Halloween brings out the best in Fred Kaiser. Or the worst. It just depends on whom you ask.
Kaiser has been creating elaborate costumes and bringing them to life for almost three decades to the joy – and terror – of students and faculty at Lundahl Middle School in Crystal Lake, where he is a PE teacher.
“There are a few that are petrified [by the costumes and characters],” he said. “Some take the day off school because they are so freaked out.”
Kaiser has been crazy about Halloween since he was a kid.
“When I was in grade school, my parents got me a professional makeup kit that had silicone and other things in it,” Kaiser said. “And I started monkeying around with it.”
Through school and college, he continued to hone his abilities. In 1988, Kaiser was a new teacher, and that Halloween he decided to bring his hobby into the classroom.
“I was sitting at school and thought, ‘wouldn’t it be great to dress up?’ ” he said. “My parents asked me if I was really going to do it.”
The costume and makeup he wore to school that year was of an old man.
“I was 23, and I made myself look like I was in my 80s,” he said. “I played the part with the walk, the cane, the dress. It’s interesting how you fool so many people.”
He said some teachers absolutely love it, but others are creeped out, such as the year he dressed as a mime and wouldn’t talk, acting out scenes to communicate. But Kaiser said his annual tradition has inspired more teachers to go to school in costumes, as well. He soon gained a reputation, and a following.
“It started as a joke, and now everyone is wondering what the costume will be,” he said.

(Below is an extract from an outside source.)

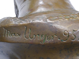 作者のMax Unger は1854年1月26日プロイセン王国の首都ベルリン生まれ、1918年にバイエルン王国のBad Kissingenで64歳で亡くなった著名なドイツ人彫刻家です。主にプロイセン王室からの依頼を受けて制作活動を行っていました。現存する大きな作品はノルウェーのVangsnes にあるFridtjof the Brave 像です。- 詳細画像

He never shares his plans before Halloween, but he added a section to his website, www.physedfred.com, to keep parents and former students informed of his latest creations.
Kaiser believes the costumes represent something more than just dressing up.
“At school, what’s neat is that [the costumes are] an expression of what you can do with art and how you can become the creature or costume,” he said. “It’s self-expression. It’s OK to be a little different.”
He said the students are at an in-between age where they want to be accepted but also want to be their own person. Teacher can show by example that it is OK to be yourself, even if being yourself means, one day a year, being a zombie vampire or a woman who rides a motorcycle.
“If the teacher can do it, they think, ‘why can’t I?’ ” he said.
He has rarely missed a Halloween.
“I missed a couple of years because I was out of town. [Teachers would] tell the school kids [I] was the Invisible Man,” he said. “And the kids were looking for me!”
He does all of his own makeup and makes every costume himself. The makeup alone can take 3 to 4 hours to apply. Kaiser said he wakes up by 4 a.m. every Halloween to get ready.
He alternates themes each year between scary and non-scary because he said it keeps him from falling into a design rut.
Some of his scary costumes have included a clown, a scarecrow that had him walking on stilts and a monster that had him gluing fangs on his face to look like he had several rows of teeth.
Kaiser starts thinking about his next costume about a year in advance.
“I’ll see something in a movie, and that will inspire me,” he said. “Say I’m watching a vampire movie and there’s a creature there, I’ll see an aspect that inspires me. Maybe it’s a cockeyed mouth. I’ll build off that.”
There are some years where he doesn’t know what he’s going to be a week before Halloween, and some years where he’ll have the next four years’ worth of ideas lined up.
He said he’s always keeping his eyes open for things to inspire him. He’ll find something from a hardware store and build off it, or he’ll find a piece of burlap and that will serve as inspiration.
“I go off what my mom used to do – make my own costumes,” he said. “The thrift stores are great places to get things.”
His favorite costume as a kid was something that was like the Heat Miser from the 1974 TV show “A Year Without Christmas.”
“It was the first real mask I ever had. It was latex, and that was unheard of at the time,” Kaiser said. “I felt it was cool to wear the costume.”
For the first time this year, Kaiser will not be building the haunted garage he has created at his home since his kids were little. He said it had been a neighborhood activity that would draw 200-300 people each year, but his kids are at an age where they no longer want to do it. Like with his costumes, he enjoyed immersing others in the frightful story with him.
“We would have football players come through at the door and say, ‘No, we’re not doing this!’ ” Kaiser said. “I like Halloween because it is great to get a raw reaction out of people, the genuine reaction that is awesome or the scare. It’s harmless. You get to see the kids experience it,” Kaiser said.
He also has another commitment – printing Cubs t-shirts.
Kaiser owns ThinkInk printing in Crystal Lake and he was contacted by a t-shirt manufacturer to print Cubs National League Championship Series t-shirts that are sold around the U.S.
“We’ve been printing non-stop, something like in the thousands [of shirts],” he said. “We’re printing as fast as we can. I’m not sure where they’re being sold. We’re just printing them. We’ve got our nose to the grindstone to get them done.”